===== Material provided =====

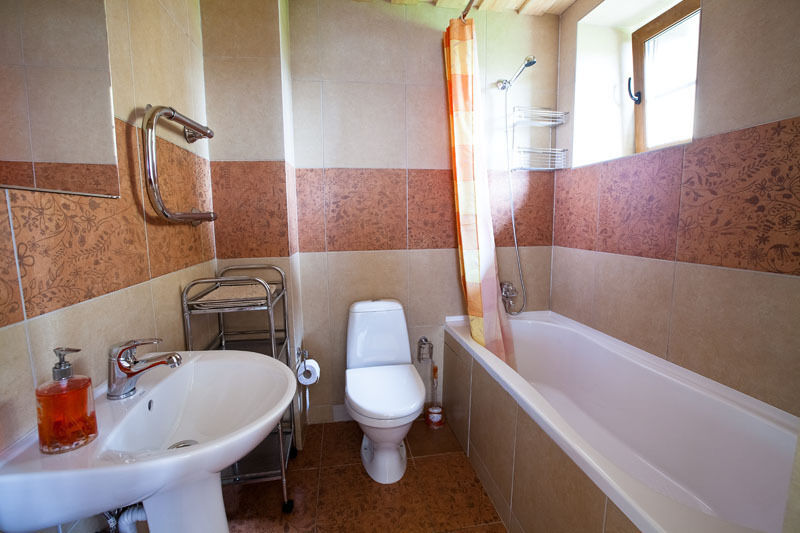 На первом этаже первого здания находятся русская баня на дровах, бассейн, кухня, обеденный стол, телевизор, музыкальный центр, санузел. На втором этаже бильярд, телевизор, DVD караоке, три спальни, два санузла с ванной.
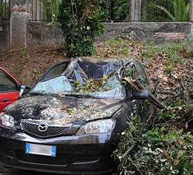 CROLLA UN ALBERO E DISTRUGGE UN'AUTO
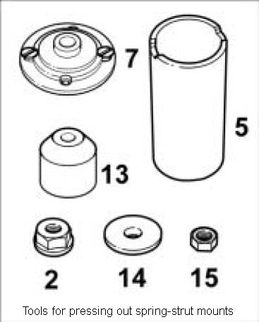 The pressure pieces are used as follows Arrangement of tools for pressing out spring-strut mounts.
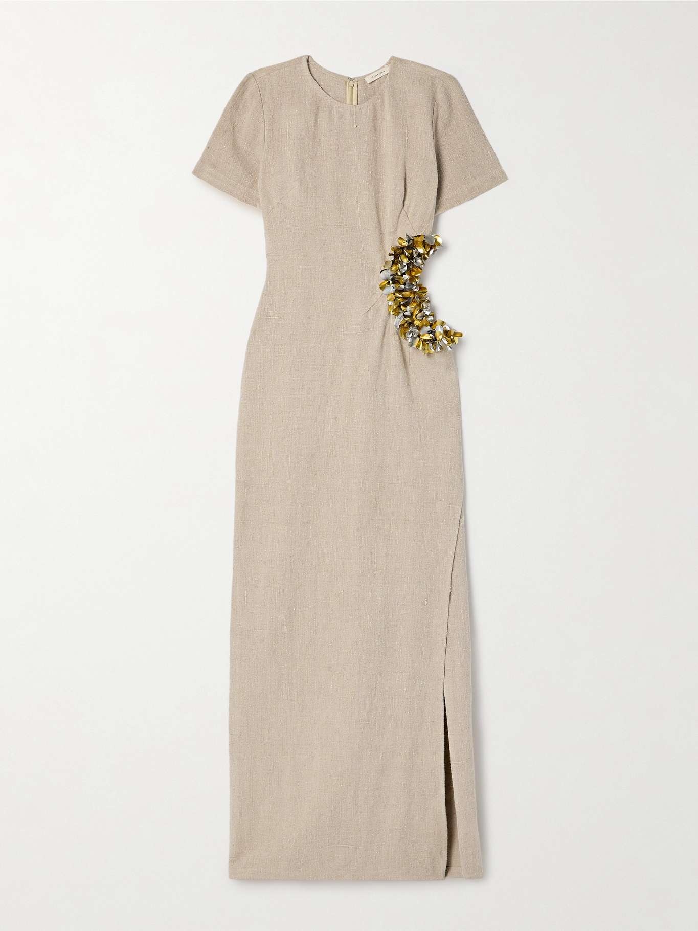 EDITORS'NOTES Like all of the brand's designs, Diotima's 'Seaford' dress is infused with the vibrant spirit of the Caribbean. Made from lightweight linen, it has a hip-baring cutout that's traced with light-catching, metallic paillettes. The silver and gold tones mean it will match any jewelry. SIZE & FIT - 1 = UK 6/ US 0-2/ FR 34-36/ IT 38 - 2 = UK 8/ US 4-6/ FR 38-40/ IT 40 - 3 = UK 10/US 8/ FR 42/ IT 42 - 4 = UK 12-14/ US 10-12/ FR 44/ IT 44 - Fits true to size, take your normal size - Intended for a slim fit - Wraparound design, ties at the waist for an flexible fit - Lightweight, non-stretchy fabric - Model is 177cm/ 5'10"and is wearing the designer's size 1 - Bust: 81cm/ 32" - Waist: 61cm/ 24” - Hip: 81cm/ 32" DETAILS & CARE - Taupe linen - Concealed hook and zip fastening at back - 100% linen; backing: 100% viscose - Dry clean
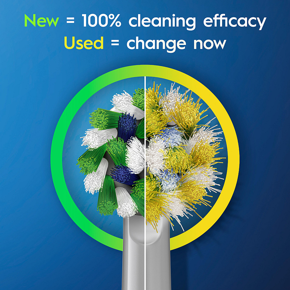 Daglig bekvämlighet Det tandläkarinspirerade borsthuvudet omsluter varje tand för noggrann men skonsam rengöring. Borsthuvudet bleknar från grönt till gult för att visa när det är dags att byta och bibehålla optimal rengöringseffektivitet.
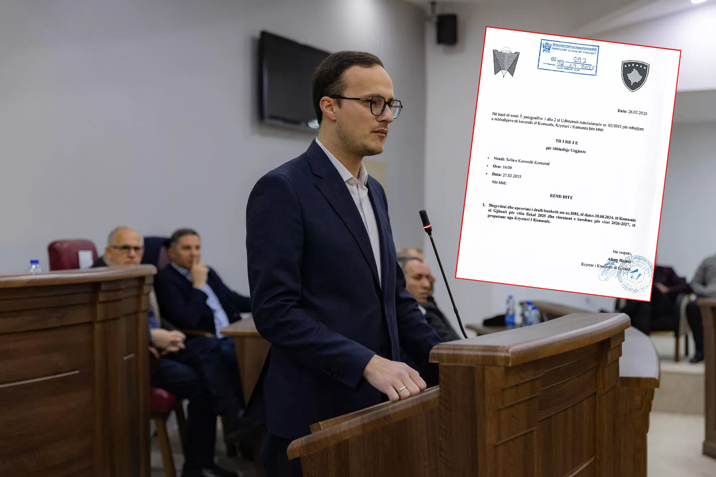 “Gjithashtu, në KPF u pajtuam që nesër, më 27.02.2025, si kryetar i komunës të thërras seancën e radhës urgjente, me fillim nga ora 10:00. Pika e vetme e rendit të ditës do të jetë shqyrtimi dhe aprovimi i projektbuxhetit për vitin 2025, të propozuar nga unë si kryetar i komunës”, tha Alban Hyseni.
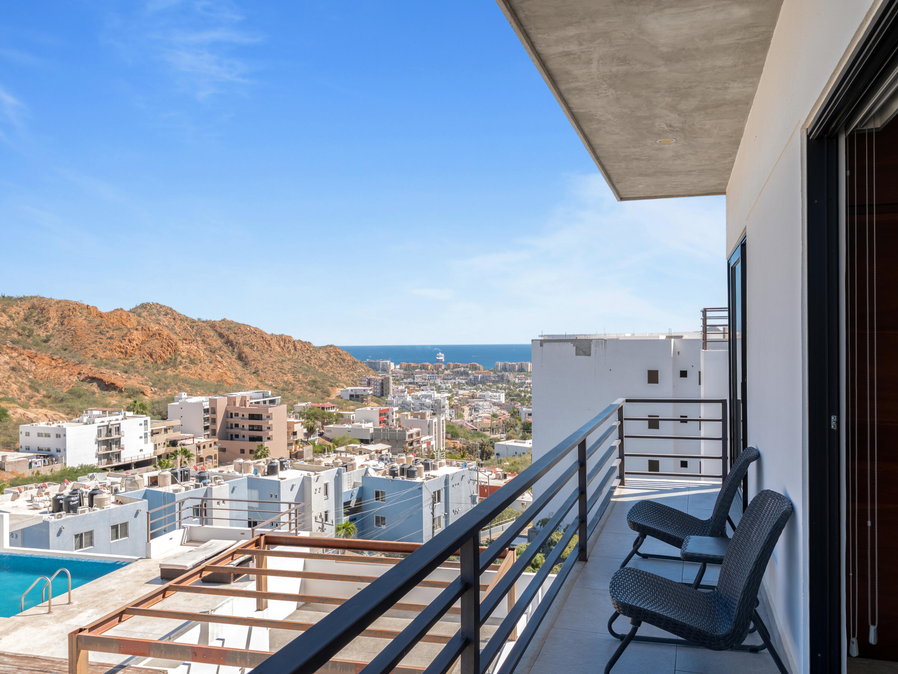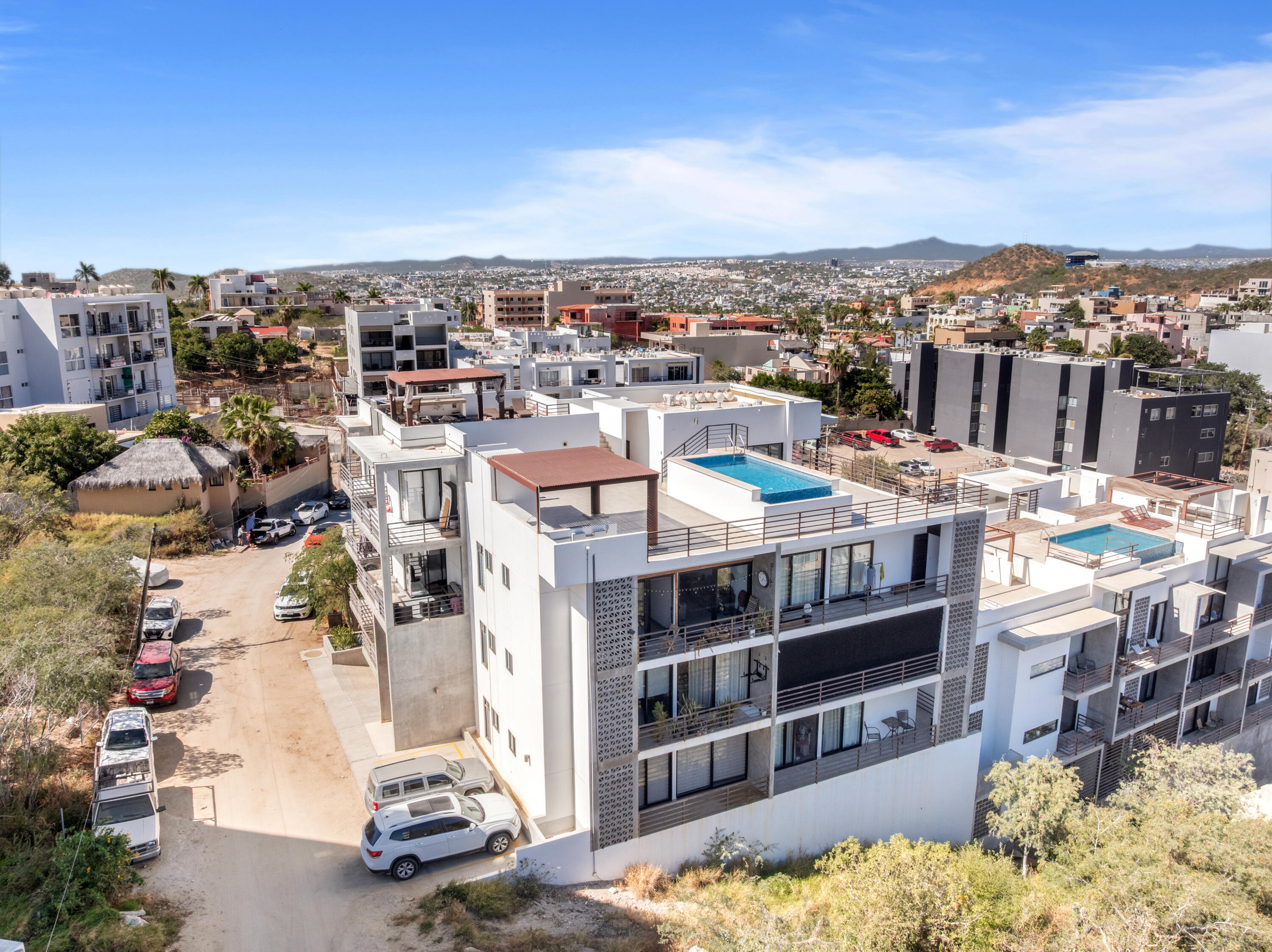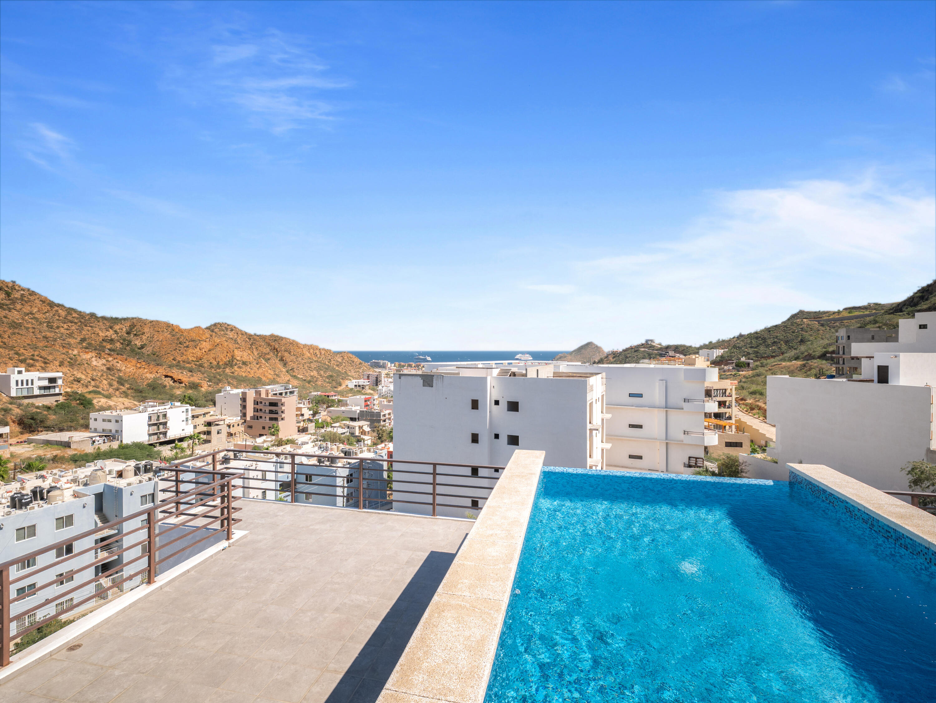 Proven vacation rental with strong performance, this penthouse 2-bedroom, 2-bath condo offers an ideal opportunity for investors, first-time buyers, or a low-maintenance Cabo getaway. One of only two units on the top floor, this third-level residence features exceptional privacy, abundant natural light, and steps-away access to the rooftop infinity pool. Large windows in the living area and primary bedroom provide year-round sunlight and protected views, with no future construction allowed to block them. Located in the quiet Sunset area with quick access to downtown Cabo, the Marina, beaches, restaurants, and city services. Turn-key, with parking and storage included. Excellent option for full-time living, seasonal use, or short- and long-term rental income.
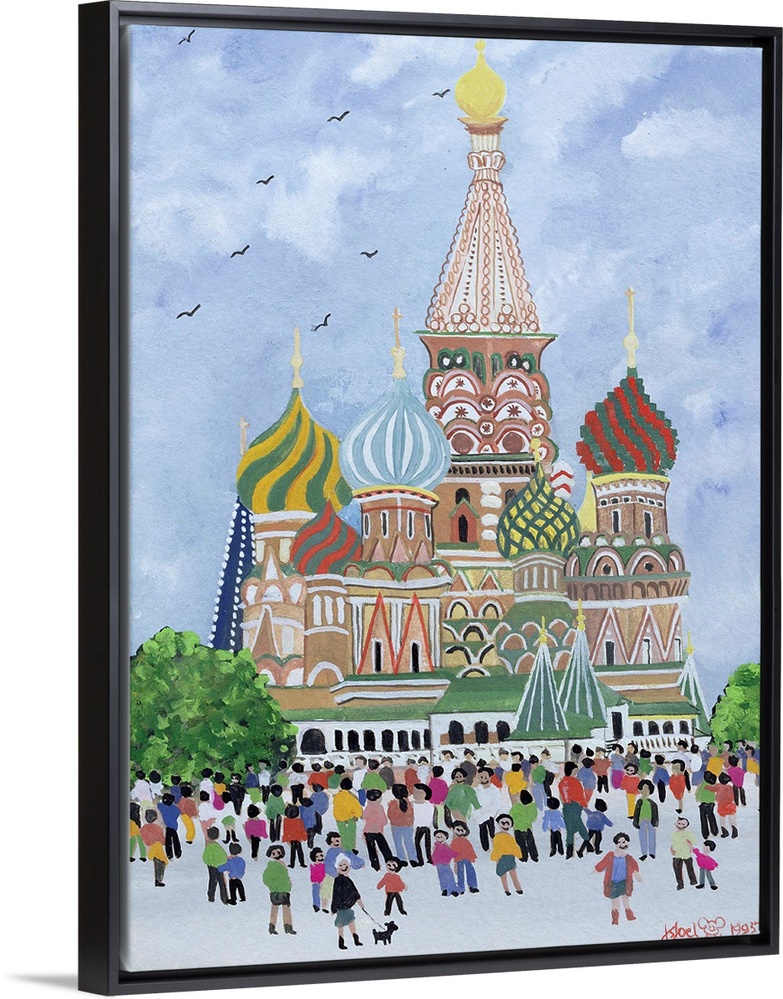<p>Contemporary painting of a crowd in front of St. Basil's Cathedral in Russia.</p>
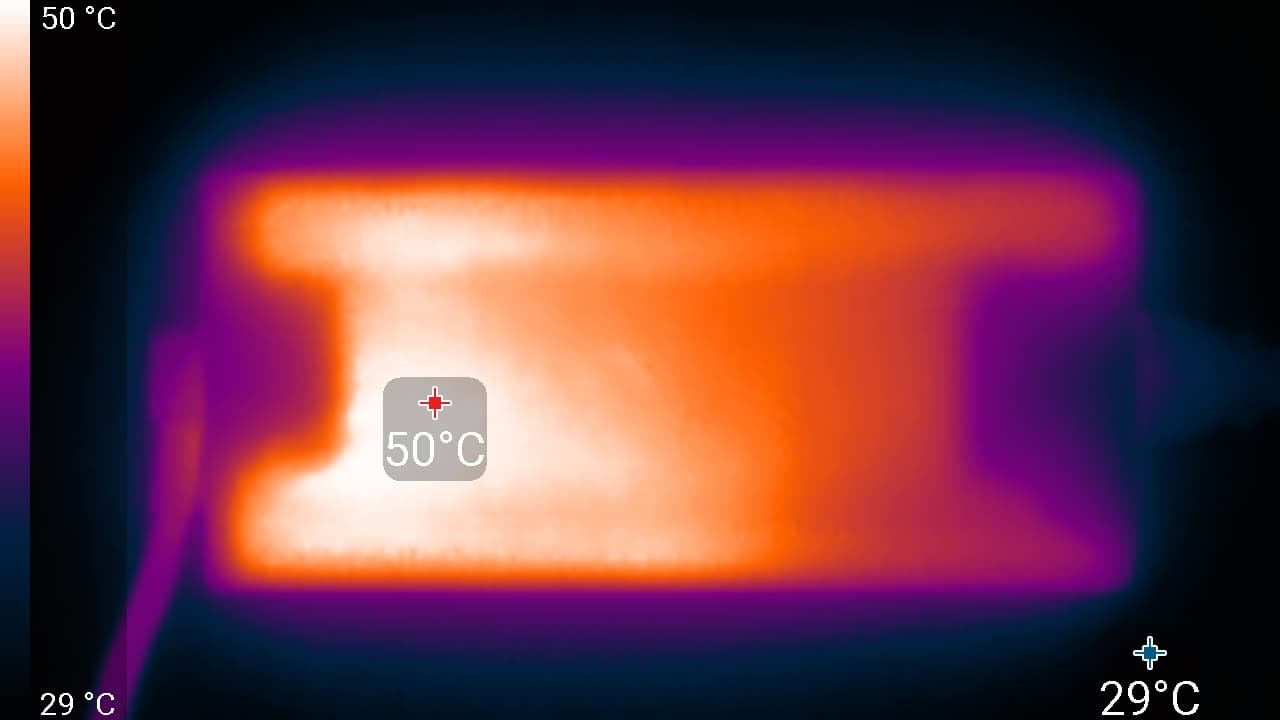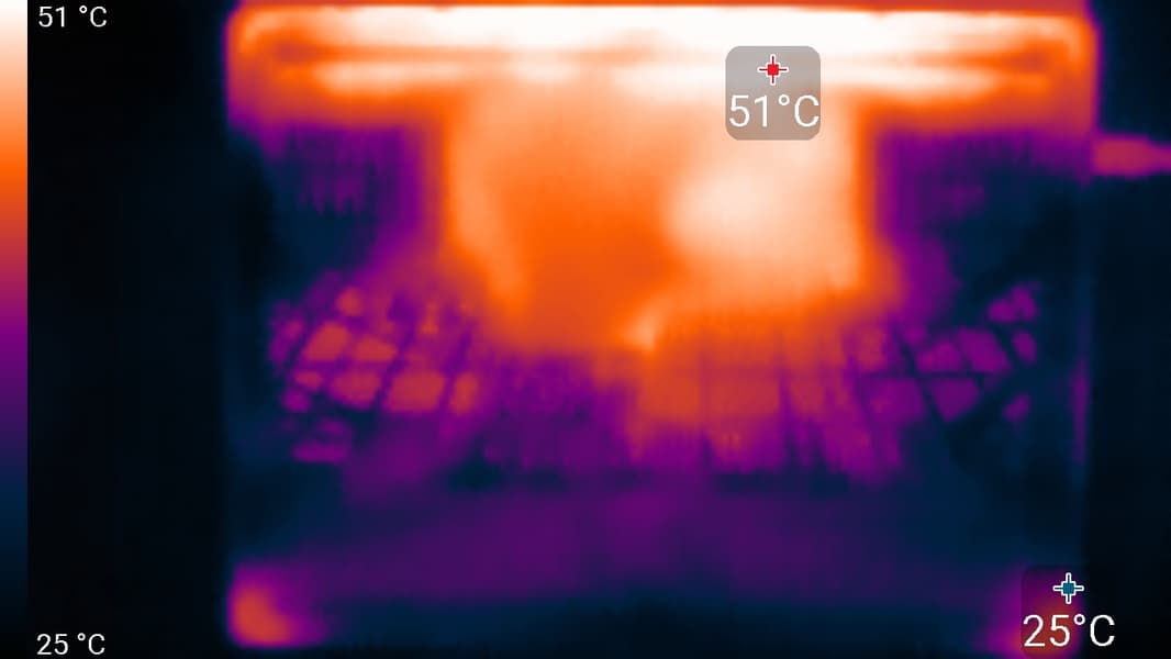 Задняя панель занята решеткой с крупными ячейками, через которую изнутри наружу выбрасывается нагретый воздух.

=====

Omitting the pictures, copy each record above exactly as it stands.

— Reply to the task —
 На первом этаже первого здания находятся русская баня на дровах, бассейн, кухня, обеденный стол, телевизор, музыкальный центр, санузел. На втором этаже бильярд, телевизор, DVD караоке, три спальни, два санузла с ванной.
 CROLLA UN ALBERO E DISTRUGGE UN'AUTO
 The pressure pieces are used as follows Arrangement of tools for pressing out spring-strut mounts.
 EDITORS'NOTES Like all of the brand's designs, Diotima's 'Seaford' dress is infused with the vibrant spirit of the Caribbean. Made from lightweight linen, it has a hip-baring cutout that's traced with light-catching, metallic paillettes. The silver and gold tones mean it will match any jewelry. SIZE & FIT - 1 = UK 6/ US 0-2/ FR 34-36/ IT 38 - 2 = UK 8/ US 4-6/ FR 38-40/ IT 40 - 3 = UK 10/US 8/ FR 42/ IT 42 - 4 = UK 12-14/ US 10-12/ FR 44/ IT 44 - Fits true to size, take your normal size - Intended for a slim fit - Wraparound design, ties at the waist for an flexible fit - Lightweight, non-stretchy fabric - Model is 177cm/ 5'10"and is wearing the designer's size 1 - Bust: 81cm/ 32" - Waist: 61cm/ 24” - Hip: 81cm/ 32" DETAILS & CARE - Taupe linen - Concealed hook and zip fastening at back - 100% linen; backing: 100% viscose - Dry clean
 Daglig bekvämlighet Det tandläkarinspirerade borsthuvudet omsluter varje tand för noggrann men skonsam rengöring. Borsthuvudet bleknar från grönt till gult för att visa när det är dags att byta och bibehålla optimal rengöringseffektivitet.
 “Gjithashtu, në KPF u pajtuam që nesër, më 27.02.2025, si kryetar i komunës të thërras seancën e radhës urgjente, me fillim nga ora 10:00. Pika e vetme e rendit të ditës do të jetë shqyrtimi dhe aprovimi i projektbuxhetit për vitin 2025, të propozuar nga unë si kryetar i komunës”, tha Alban Hyseni.
 Proven vacation rental with strong performance, this penthouse 2-bedroom, 2-bath condo offers an ideal opportunity for investors, first-time buyers, or a low-maintenance Cabo getaway. One of only two units on the top floor, this third-level residence features exceptional privacy, abundant natural light, and steps-away access to the rooftop infinity pool. Large windows in the living area and primary bedroom provide year-round sunlight and protected views, with no future construction allowed to block them. Located in the quiet Sunset area with quick access to downtown Cabo, the Marina, beaches, restaurants, and city services. Turn-key, with parking and storage included. Excellent option for full-time living, seasonal use, or short- and long-term rental income.
<p>Contemporary painting of a crowd in front of St. Basil's Cathedral in Russia.</p>
 Задняя панель занята решеткой с крупными ячейками, через которую изнутри наружу выбрасывается нагретый воздух.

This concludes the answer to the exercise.